**Problem details:** What you return must be the exact lines of the material below, from the first through the one that has "중에서 한자사전을 클릭합니다.", with no pictures and, please, nothing else.
* * * *
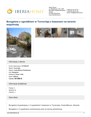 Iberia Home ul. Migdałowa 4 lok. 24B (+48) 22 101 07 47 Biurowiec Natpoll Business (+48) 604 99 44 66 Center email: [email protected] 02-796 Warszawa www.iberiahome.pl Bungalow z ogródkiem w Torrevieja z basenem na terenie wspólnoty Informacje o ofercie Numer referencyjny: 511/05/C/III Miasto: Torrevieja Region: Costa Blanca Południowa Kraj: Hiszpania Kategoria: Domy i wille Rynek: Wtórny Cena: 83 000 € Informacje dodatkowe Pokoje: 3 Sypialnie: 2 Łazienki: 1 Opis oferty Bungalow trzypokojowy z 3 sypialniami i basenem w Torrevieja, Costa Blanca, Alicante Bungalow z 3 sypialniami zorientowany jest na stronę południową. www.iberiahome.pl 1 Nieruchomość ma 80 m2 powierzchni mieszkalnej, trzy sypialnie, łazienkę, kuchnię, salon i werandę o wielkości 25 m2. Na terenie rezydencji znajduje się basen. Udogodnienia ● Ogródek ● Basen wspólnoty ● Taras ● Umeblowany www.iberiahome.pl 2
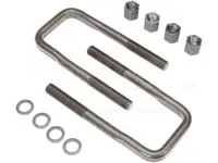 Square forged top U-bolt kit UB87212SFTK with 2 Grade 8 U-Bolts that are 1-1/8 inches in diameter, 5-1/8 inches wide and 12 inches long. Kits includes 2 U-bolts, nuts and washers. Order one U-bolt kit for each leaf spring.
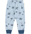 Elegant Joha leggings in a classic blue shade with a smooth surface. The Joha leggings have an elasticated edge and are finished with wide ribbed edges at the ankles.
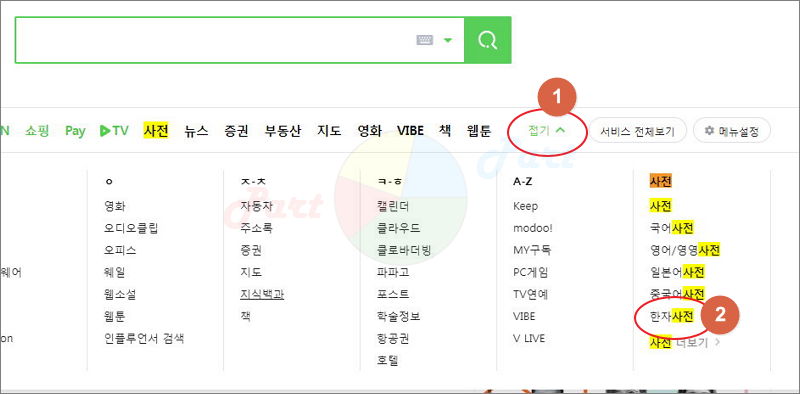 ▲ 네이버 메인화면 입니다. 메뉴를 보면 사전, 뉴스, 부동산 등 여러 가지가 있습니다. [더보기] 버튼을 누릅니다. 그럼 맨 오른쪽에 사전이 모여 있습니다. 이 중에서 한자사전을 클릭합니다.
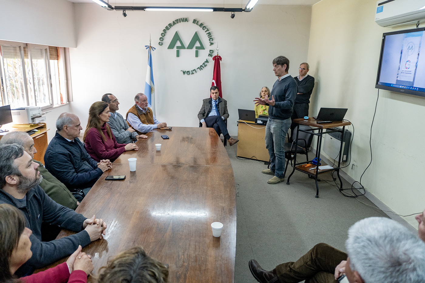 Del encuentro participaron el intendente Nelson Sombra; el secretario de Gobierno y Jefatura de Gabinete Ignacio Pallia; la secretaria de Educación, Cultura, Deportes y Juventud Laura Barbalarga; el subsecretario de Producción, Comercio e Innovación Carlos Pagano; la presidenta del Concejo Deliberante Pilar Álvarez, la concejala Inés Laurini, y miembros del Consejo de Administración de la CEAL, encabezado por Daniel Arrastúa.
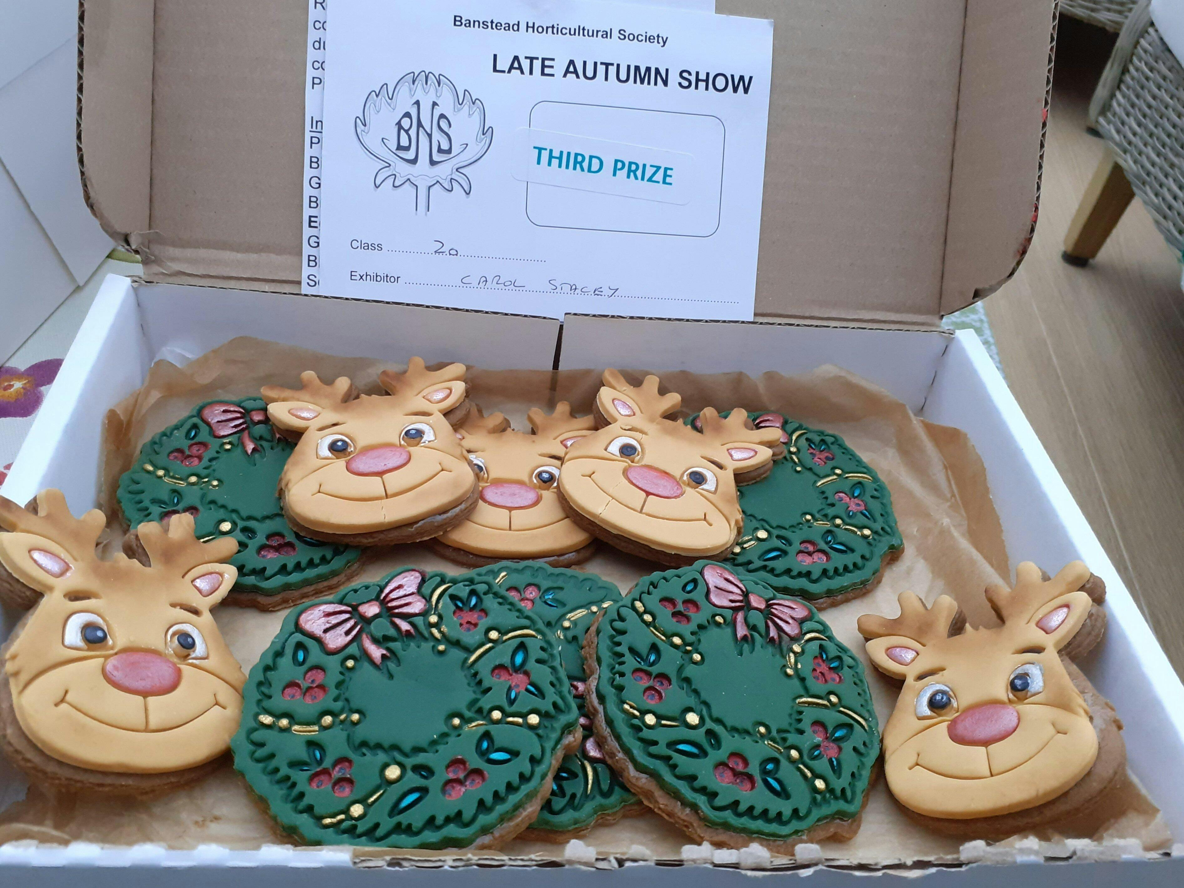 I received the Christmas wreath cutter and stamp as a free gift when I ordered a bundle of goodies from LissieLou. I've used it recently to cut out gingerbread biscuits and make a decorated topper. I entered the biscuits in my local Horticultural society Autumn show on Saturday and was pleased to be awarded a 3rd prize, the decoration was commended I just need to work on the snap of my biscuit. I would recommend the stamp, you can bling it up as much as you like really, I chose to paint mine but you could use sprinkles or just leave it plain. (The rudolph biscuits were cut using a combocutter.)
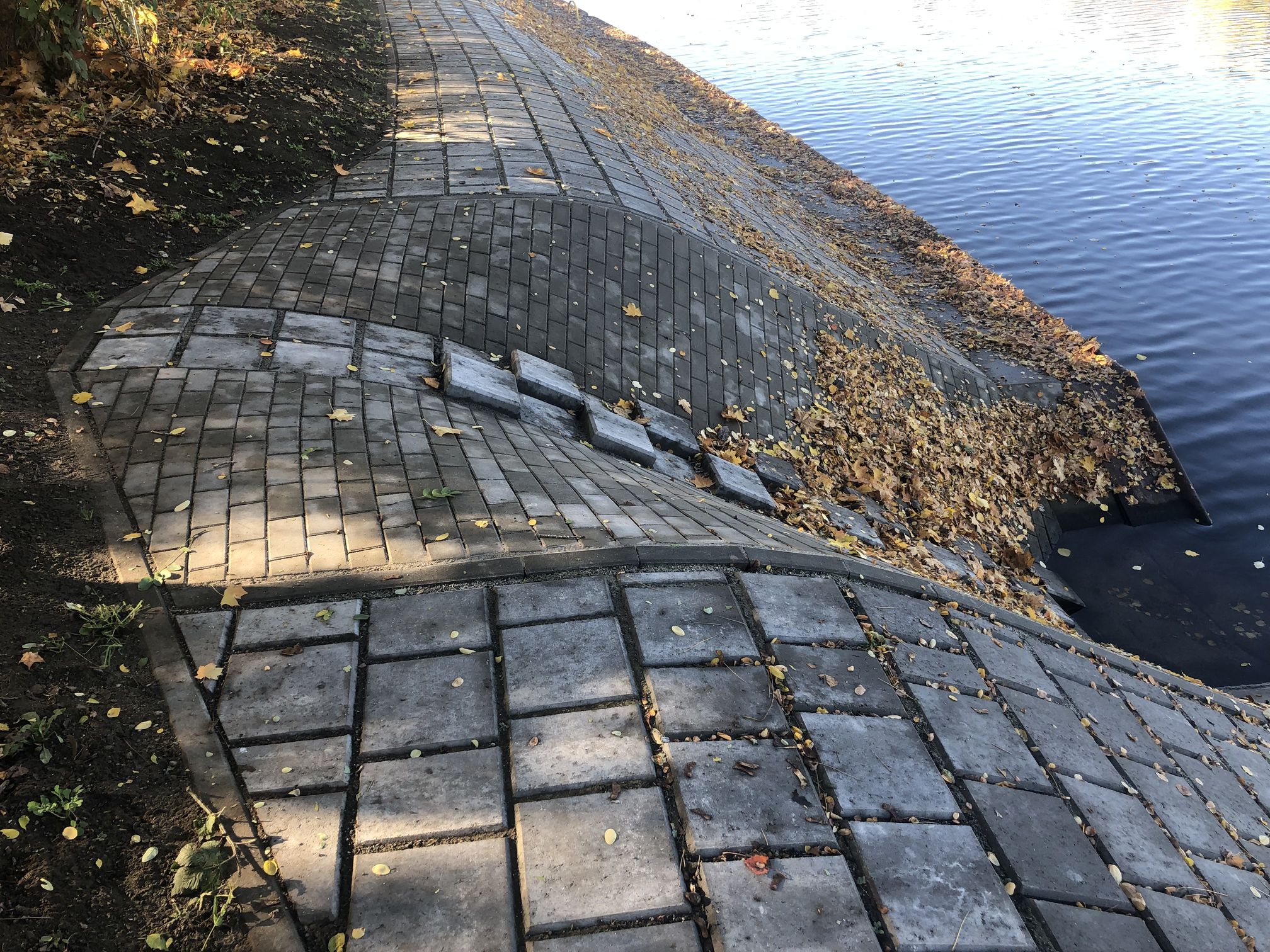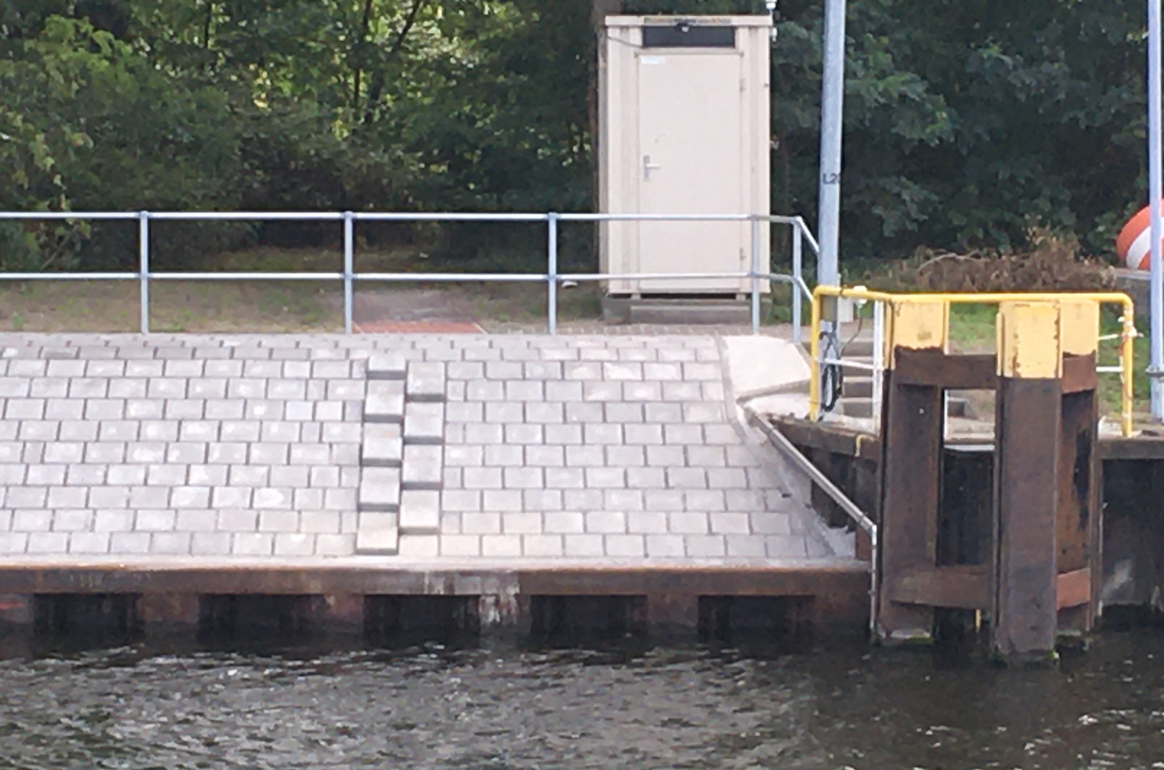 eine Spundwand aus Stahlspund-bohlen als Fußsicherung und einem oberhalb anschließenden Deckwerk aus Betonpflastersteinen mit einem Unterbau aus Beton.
* * * *
**Exercise output:**
 Iberia Home ul. Migdałowa 4 lok. 24B (+48) 22 101 07 47 Biurowiec Natpoll Business (+48) 604 99 44 66 Center email: [email protected] 02-796 Warszawa www.iberiahome.pl Bungalow z ogródkiem w Torrevieja z basenem na terenie wspólnoty Informacje o ofercie Numer referencyjny: 511/05/C/III Miasto: Torrevieja Region: Costa Blanca Południowa Kraj: Hiszpania Kategoria: Domy i wille Rynek: Wtórny Cena: 83 000 € Informacje dodatkowe Pokoje: 3 Sypialnie: 2 Łazienki: 1 Opis oferty Bungalow trzypokojowy z 3 sypialniami i basenem w Torrevieja, Costa Blanca, Alicante Bungalow z 3 sypialniami zorientowany jest na stronę południową. www.iberiahome.pl 1 Nieruchomość ma 80 m2 powierzchni mieszkalnej, trzy sypialnie, łazienkę, kuchnię, salon i werandę o wielkości 25 m2. Na terenie rezydencji znajduje się basen. Udogodnienia ● Ogródek ● Basen wspólnoty ● Taras ● Umeblowany www.iberiahome.pl 2
 Square forged top U-bolt kit UB87212SFTK with 2 Grade 8 U-Bolts that are 1-1/8 inches in diameter, 5-1/8 inches wide and 12 inches long. Kits includes 2 U-bolts, nuts and washers. Order one U-bolt kit for each leaf spring.
 Elegant Joha leggings in a classic blue shade with a smooth surface. The Joha leggings have an elasticated edge and are finished with wide ribbed edges at the ankles.
 ▲ 네이버 메인화면 입니다. 메뉴를 보면 사전, 뉴스, 부동산 등 여러 가지가 있습니다. [더보기] 버튼을 누릅니다. 그럼 맨 오른쪽에 사전이 모여 있습니다. 이 중에서 한자사전을 클릭합니다.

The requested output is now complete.